I don't want to put bad relations between me and this individual, but I'm getting aggravated that e-mails for a meeting where I really can't say anything more to the situation other than I'm reading these literature reviews. I think that this needs to be done in phases and that the first would be to collect and analyze the results as a view point than categorize the different classes. I'm kinda like this is not what I had in mind at all, and I'm at a point of just e-mailing to say something... but I'm afraid it may be interpreted in the wrong way.

The reason I know that individual X, is just hanging on my words just to tell me what to do next is that in my other project ---- the professor actually knows a lot about the topic and is able to assist with any problems and a reasonable time line. So it's not that I have two things to do, it's more that individual X is just making me kinda stressed out. He wants me to have a conference call with another professional about "my results".

Help?! What can I say or write to make me not feel pressured to go on conference calls just to say what is not even important. I feel like he's just an ambitious guy or something is wrong for him to make this into something when it's really nothing.. and would take a much longer time frame than the end of this summer to complete.
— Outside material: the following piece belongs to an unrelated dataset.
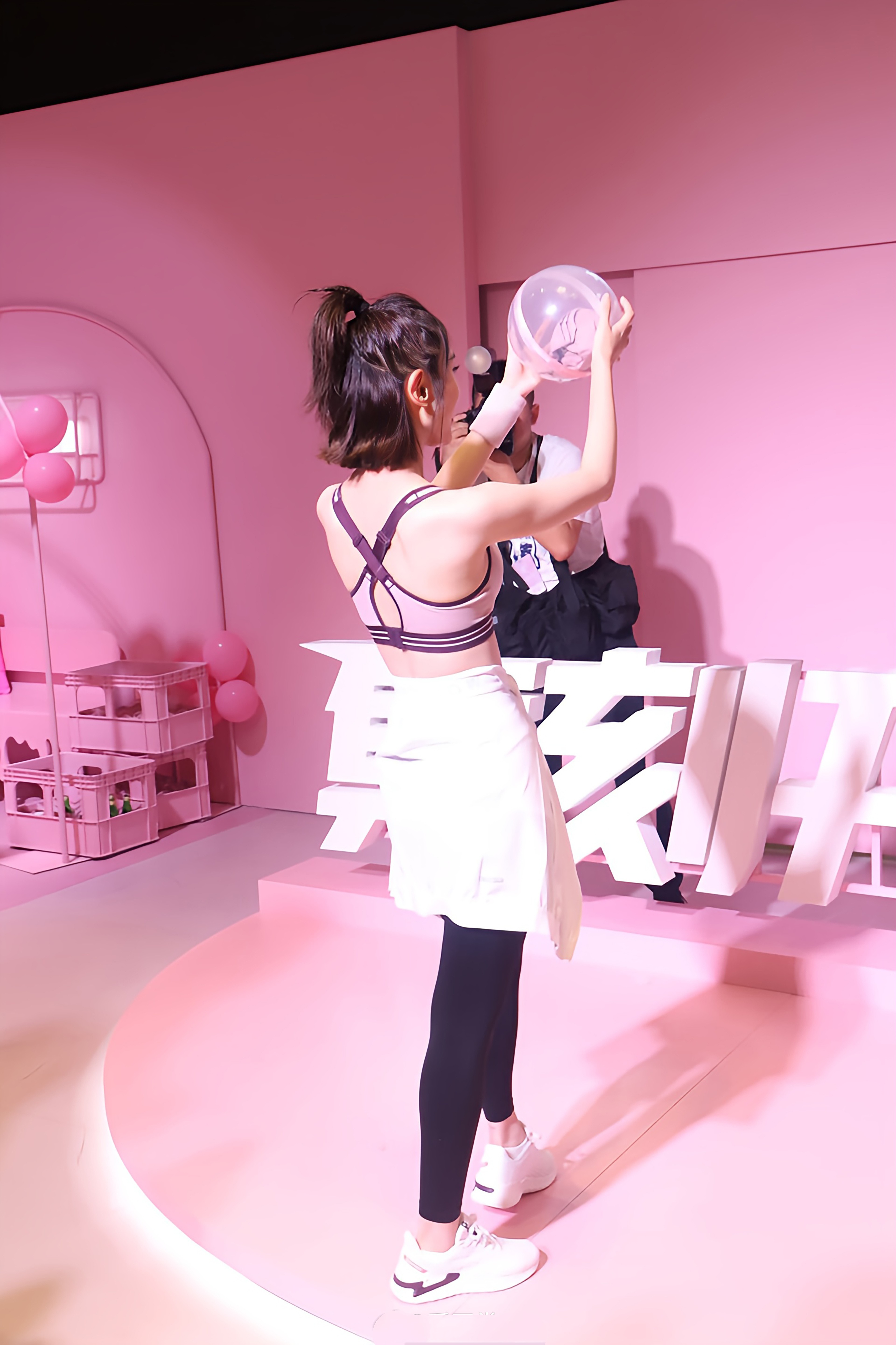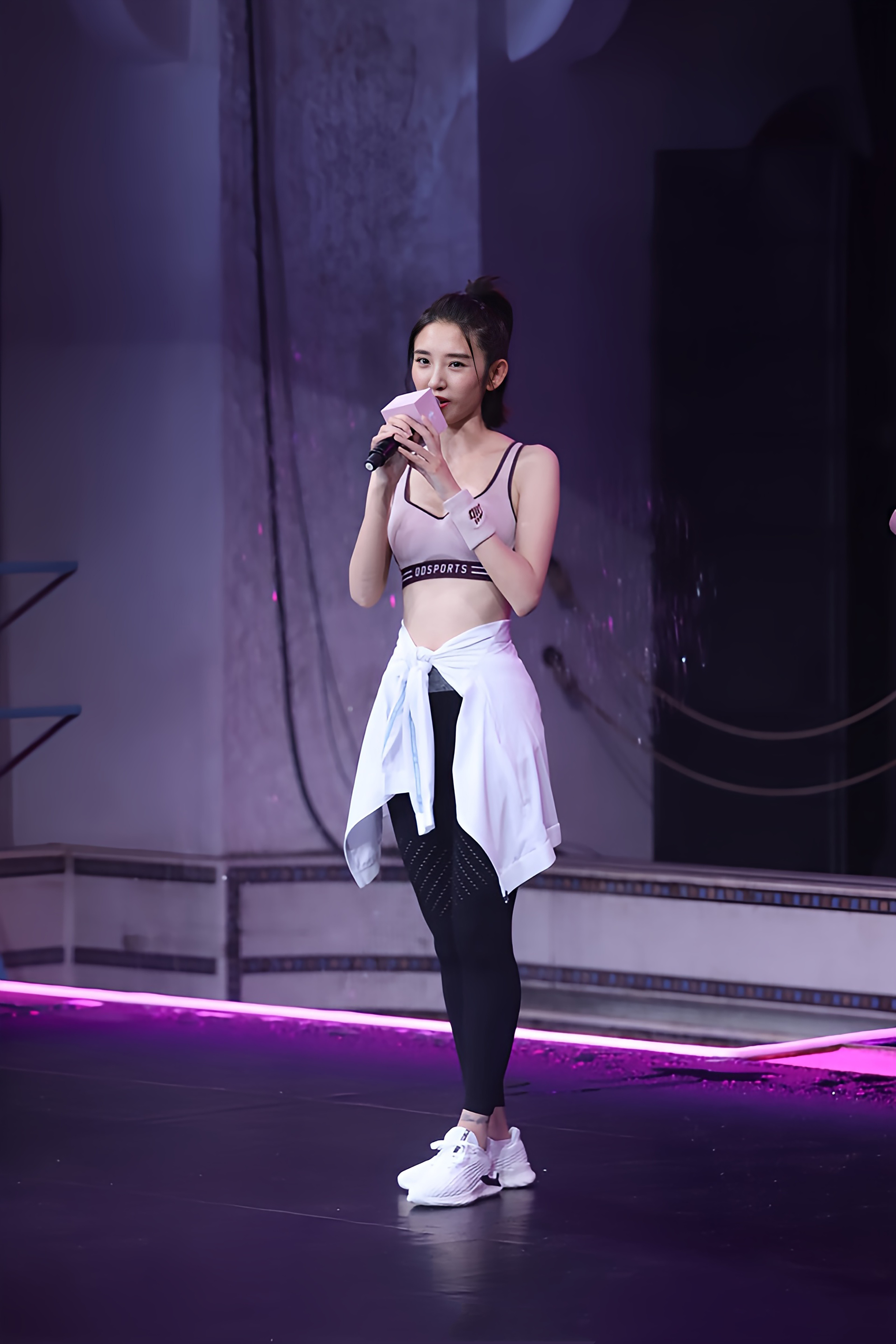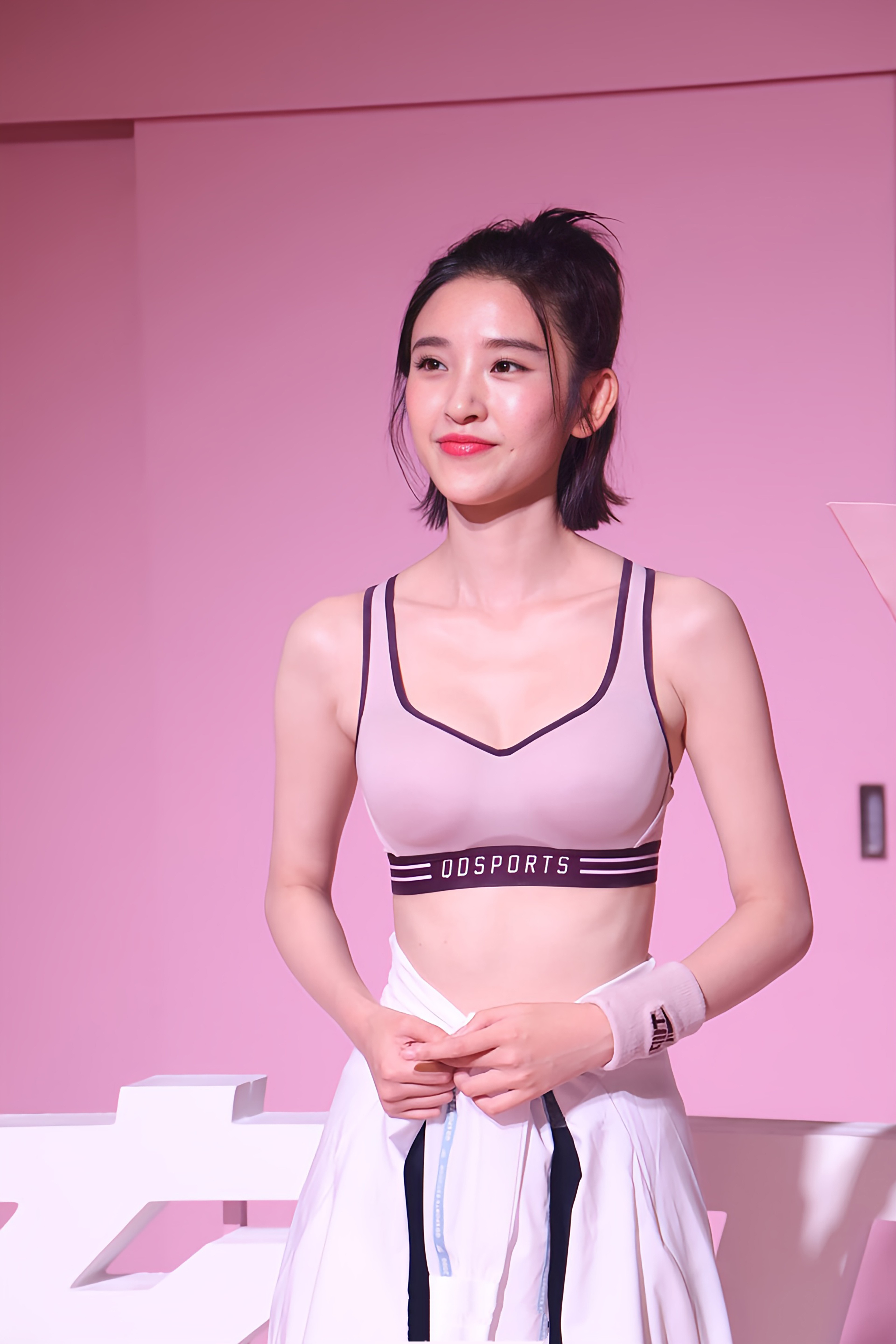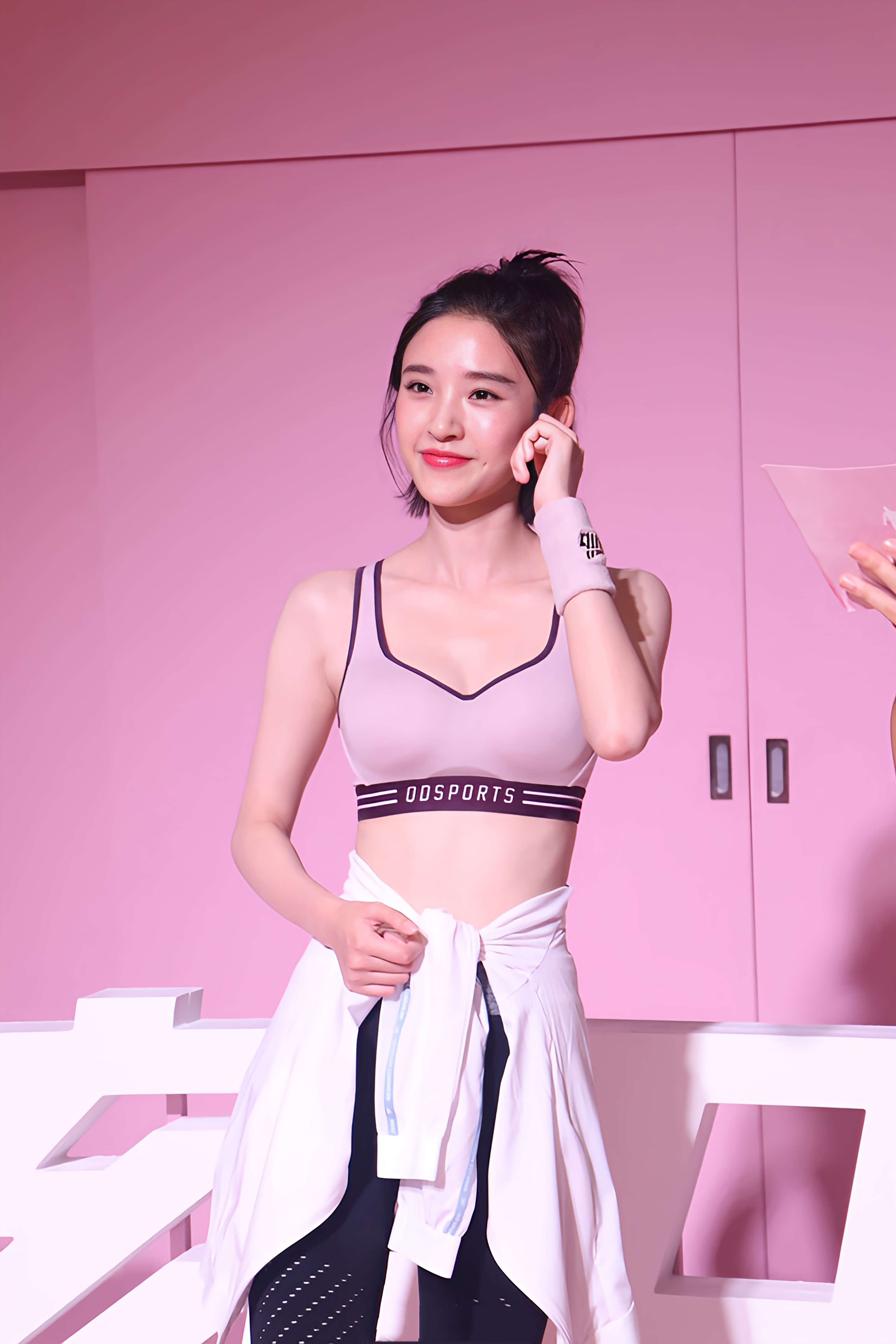 唐艺昕瑜伽服穿搭,粉色吊带黑色紧身裤,尽显优越好身材。唐艺昕

HELP!
posted by anonymous to Education (5 answers total) 3 users marked this as a favorite
 
If you're not telling individual X that he's giving you too much work, he doesn't have any way of knowing that he's giving you too much work. So go to him (preferably in person, on the phone if that's not possible, try not to do it over email because you lose a lot of verbal cues and it's easier to take the wrong way) and say, "This project has grown beyond the scope of what I thought a volunteer project would entail. Can we set some clearer goals for my involvement?"

If he blows up at you for that, then he would have done so over some other damn thing anyway.
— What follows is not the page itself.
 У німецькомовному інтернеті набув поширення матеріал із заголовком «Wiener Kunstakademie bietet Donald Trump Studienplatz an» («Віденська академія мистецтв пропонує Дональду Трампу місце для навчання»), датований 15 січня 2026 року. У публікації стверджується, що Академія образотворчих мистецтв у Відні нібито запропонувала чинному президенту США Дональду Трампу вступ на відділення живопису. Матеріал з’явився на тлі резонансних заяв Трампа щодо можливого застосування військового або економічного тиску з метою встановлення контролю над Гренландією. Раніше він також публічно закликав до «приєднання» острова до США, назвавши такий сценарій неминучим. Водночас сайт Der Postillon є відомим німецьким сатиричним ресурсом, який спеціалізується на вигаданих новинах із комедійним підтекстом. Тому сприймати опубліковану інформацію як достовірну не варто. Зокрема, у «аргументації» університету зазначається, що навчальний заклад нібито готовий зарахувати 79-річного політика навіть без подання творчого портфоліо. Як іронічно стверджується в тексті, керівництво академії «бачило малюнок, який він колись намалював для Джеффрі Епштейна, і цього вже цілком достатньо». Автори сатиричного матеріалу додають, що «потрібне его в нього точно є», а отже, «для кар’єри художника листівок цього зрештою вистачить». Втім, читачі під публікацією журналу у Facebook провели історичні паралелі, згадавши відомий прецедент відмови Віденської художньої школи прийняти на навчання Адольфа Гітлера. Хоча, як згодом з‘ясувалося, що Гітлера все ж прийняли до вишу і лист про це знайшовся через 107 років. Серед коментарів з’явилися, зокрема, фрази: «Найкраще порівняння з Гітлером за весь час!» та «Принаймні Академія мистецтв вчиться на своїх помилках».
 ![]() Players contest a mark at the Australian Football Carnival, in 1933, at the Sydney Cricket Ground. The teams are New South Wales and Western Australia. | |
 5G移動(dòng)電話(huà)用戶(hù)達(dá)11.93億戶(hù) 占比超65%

Once you've done that, ask him to prioritize things based on those goals and the agreed-upon scope: "I estimate that these three things I'm working on right now will take me twelve weeks to complete. Since I only have six more weeks on this project, I was thinking I should focus on A and C, and leave B to work on if I finish those. Your thoughts?"
posted by Etrigan at 8:11 AM on July 25, 2013 [2 favorites]


You can't make volunteers do anything they don't want to do.
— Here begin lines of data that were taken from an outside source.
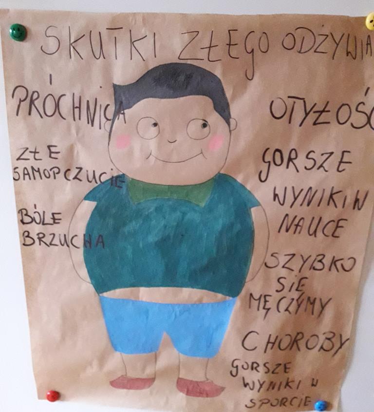 W ramach dzielenia się wiedzą i dokonaniami dzieci ze społecznością szkolną, została wykonana wystawa prac. Owe prace plastyczne oraz plakaty powstały podczas prowadzonych zajęć. W trakcie zebrania online rodzice zostali zapoznani z poszczególnymi zadaniami i efektami pracy dzieci. Rodzice otrzymali również do zapoznania się tekst pt. „Kolorowy talerz, czyli garść informacji o warzywach i owocach” mgr inż. Joanna Jaczewska-Schuetz, Instytut Żywności i Żywienia.
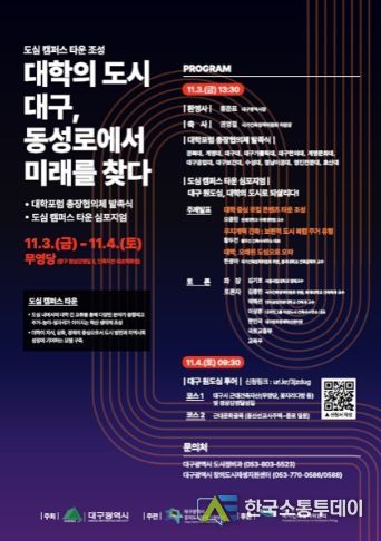 ‘대학의 도시 대구, 동성로에서 미래를 찾다’라는 주제로 열리는 이번 행사는 11월 3일 도심 캠퍼스 타운 조성 추진을 선언하는 ‘대학 포럼 총장협의체 발족식’을 시작으로 관련 분야 전문가들이 참여하는 ‘도심 캠퍼스 타운 심포지엄’이 이어질 예정이다. 11월 4일에는 일반 시민들을 대상으로 도심 내 역사문화자원을 탐방하는 ‘대구 원도심 투어’도 진행된다.
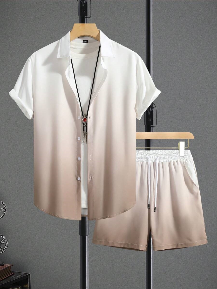 Venta caliente color degradado impresión 3D spot transfronterizo Xiyin verano hawaii vacaciones camisa pantalones cortos conjunto 2 piezas
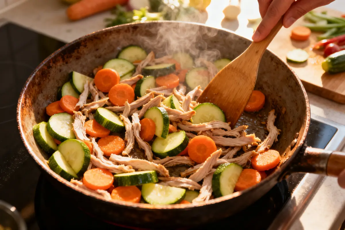 Pour gagner du temps, coupez les légumes en petits morceaux avant la cuisson. Quelques minutes à la poêle suffisent pour obtenir un plat complet et coloré. C’est idéal si vous souhaitez un repas rapide sans alourdir votre fin de journée.
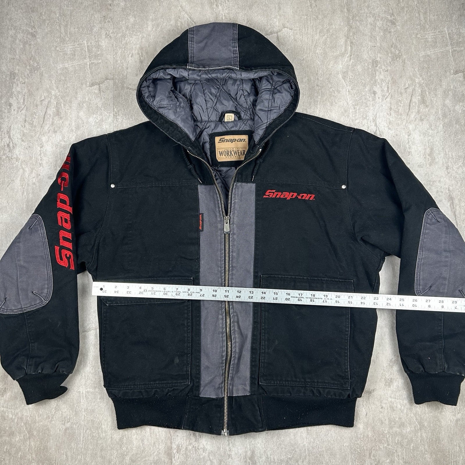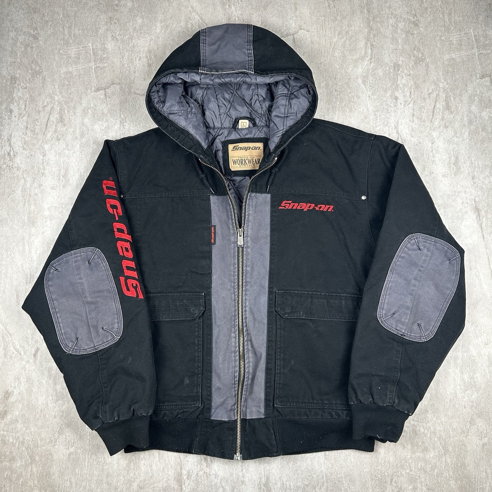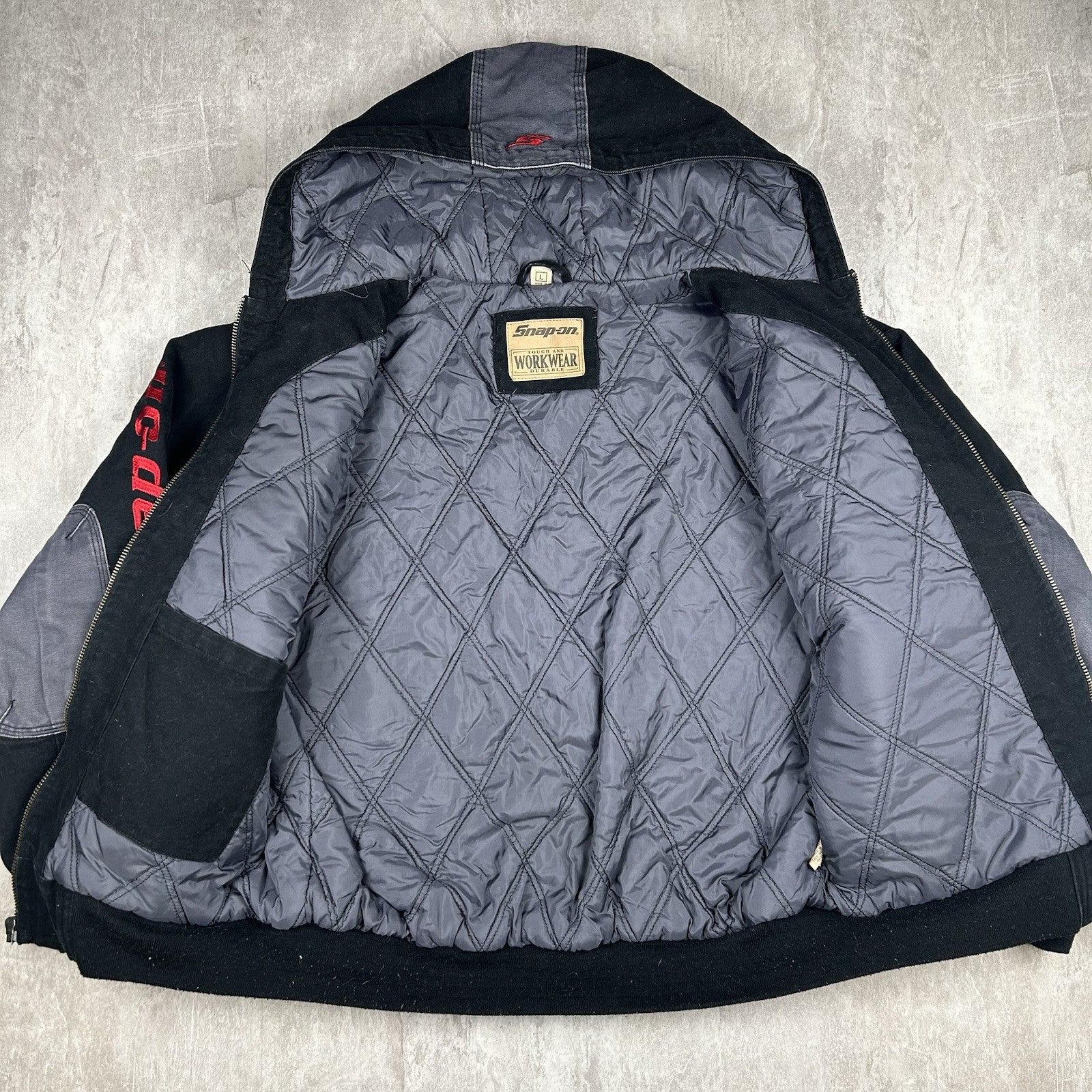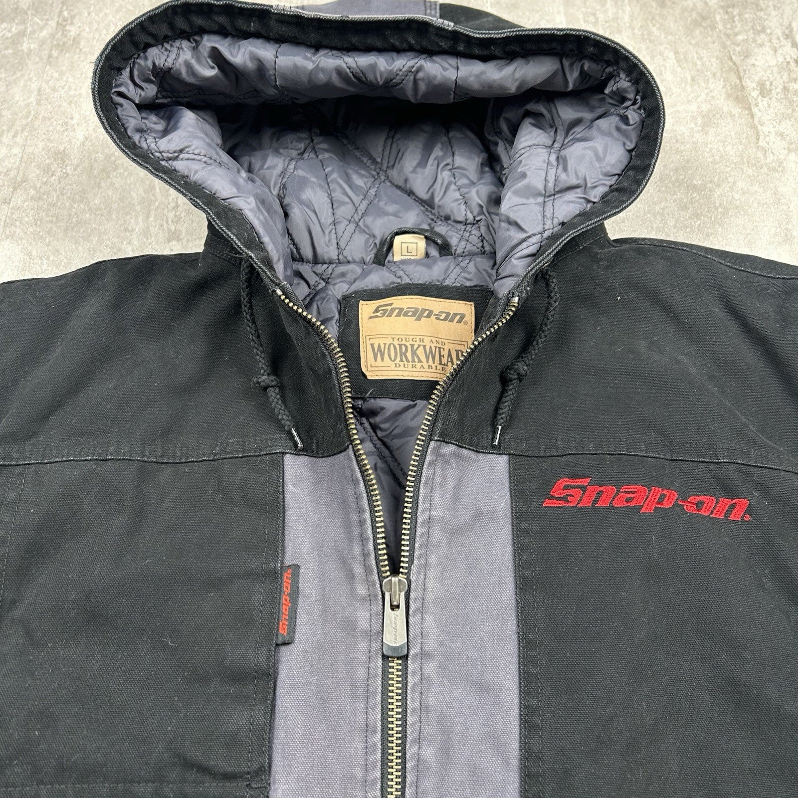 Snap On Tools Jacket Full Zip Quilted Canvas Hooded Workwear Coat Men’s Size L

Etrigan has the right idea, but it's not your job to satisfy individual X, it's X's job to accommodate you. If you don't get satisfaction, walk. Don't get worked up. You don't owe him anything, and you have the upper hand.
posted by adamrice at 8:31 AM on July 25, 2013


He will push until pushed back. It is that simple. You need to speak up.
posted by JohnnyGunn at 9:01 AM on July 25, 2013 [1 favorite]


I would just be honest and say - "Hey I don't have any results yet I'm still reading the papers. I've been through n of them but I"m not sure I will have time to get through the rest. "

You just have to say no at some point.

Whenever I"m doing freebie work and someone is being pushy I"ll usually email and say - Oh hi, Sorry I've been really busy with some other things this week/month. I should be able to get to that next week/month. Sorry for the delay.

They can't really complain... but you have to remind them that this is not your job and not the first priority in your life.
posted by mary8nne at 10:11 AM on July 25, 2013


I think instead of just saying you need more time, you need to make a point of re-establishing responsibilities and expectations here. Even if it's not your fault, being (to their minds) slow in getting your part done could potentially be interpreted as flaky. You should make it explicit (politely, of course) that you signed on to the project understanding that you were responsible for X but are now being asked to do Z. Maybe you can stretch a little and meet them halfway by doing Y; maybe X really is all that's feasible. Whichever, just be upfront about it.